The fees were used to hire an additional 1,000 employees, and put the Office of Generic Drugs on par with the Office of New Drugs by re-organizing it, and moving it to the FDA’s main campus from four buildings in Rockville, Maryland. The funds were also used to replace the office’s information technology system and implement a few other changes.
As the FDA notes on its website, “Additional resources will enable the Agency to reduce a current backlog of pending applications, cut the average time required to review generic drug applications for safety, and increase risk-based inspections.”
In October 2012, there was a backlog of 2,868 generic drugs awaiting approval, and the FDA said it would take a “first action” on 90 percent of these drugs by 2017. This summer, the agency met its goal a year early, but a first action isn’t an approval. Only 1,551 generics have been approved since the fees were initiated, and that includes some extras that weren’t considered part of the official backlog.
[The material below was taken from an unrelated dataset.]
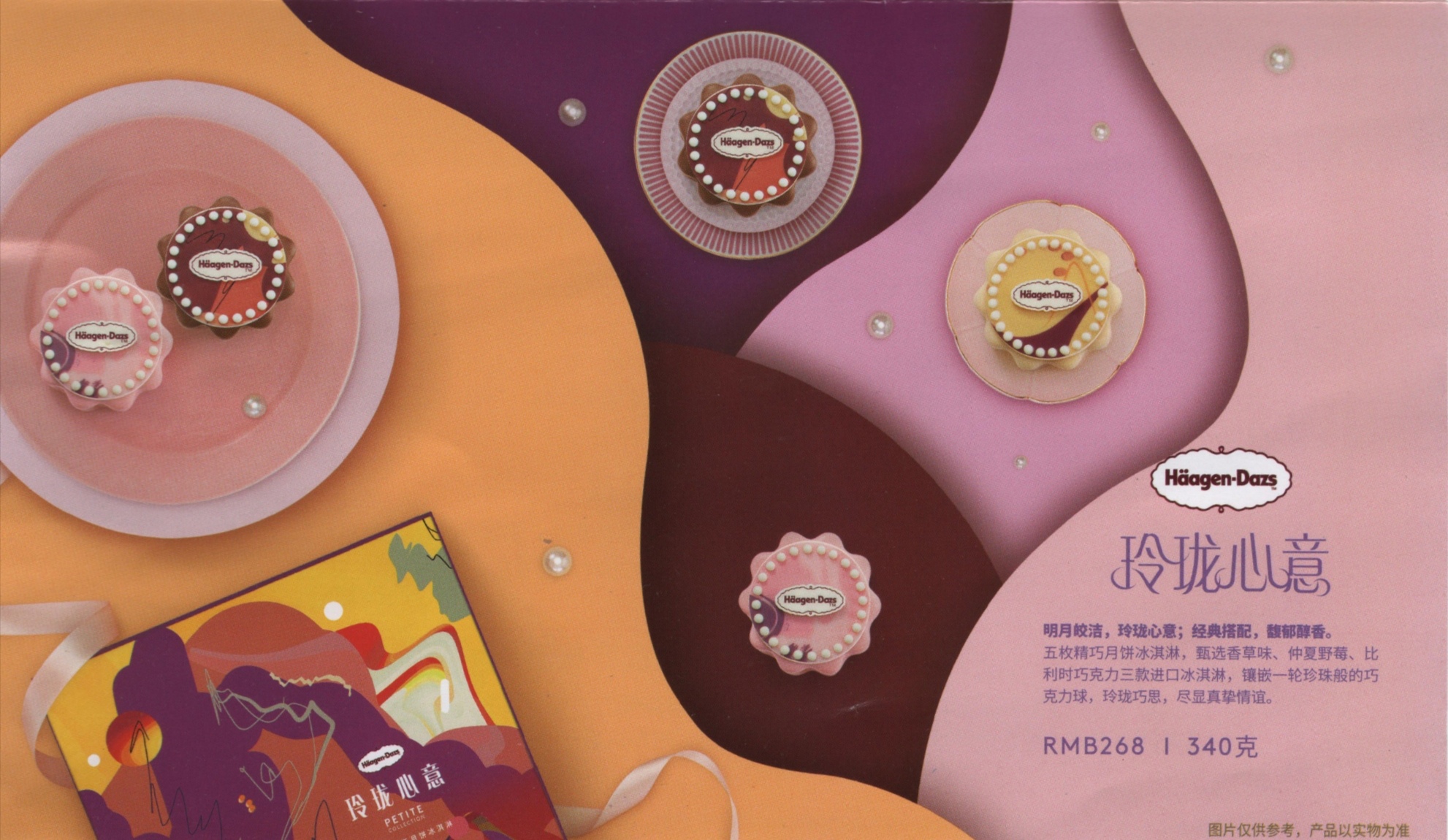 比利时巧克力味*2 五枚精致月饼冰淇淋,内藏柚子,香草,仲夏野莓,巧克力四种口味进口 冰淇淋,搭配香浓软滑的巧克力,并镶嵌一轮珍珠般的巧克力球。真挚情 谊尽在玲珑巧思之间。

So the agency has only approved about half of the backlogged generics that were awaiting approval in 2012.
“Most applications from the backlog will need to come back to FDA for additional review due to deficiencies in the submissions, before approval is possible,” the agency said in a statement in responses to questions.
The GPhA argues that the agency has declared applications to be “of ‘poor quality’ because they don’t meet new, more recent standards updated while these applications sit in the backlog.”
The applications for generic drugs have continued to pile up even as the FDA approved a record number of generics in 2015 and again in the first seven months of 2016. The number of generic drug applications tripled from 2002 to 2012, according to January congressional testimony from Janet Woodcock, who directs the FDA’s Center for Drug Evaluation and Research.
Still, some observers are hopeful.
“I think that it is an optimistic picture overall … at the FDA, there’s been a lot of progress, and I think there is more to be made,” said Dr. Aaron Kesselheim, who leads a research program at Harvard Medical School and Brigham and Women’s Hospital. “This is not something that people should think has been solved at this point. It’s totally an ongoing process.”
KHN’s coverage of prescription drug development, costs and pricing is supported in part by the Laura and John Arnold Foundation.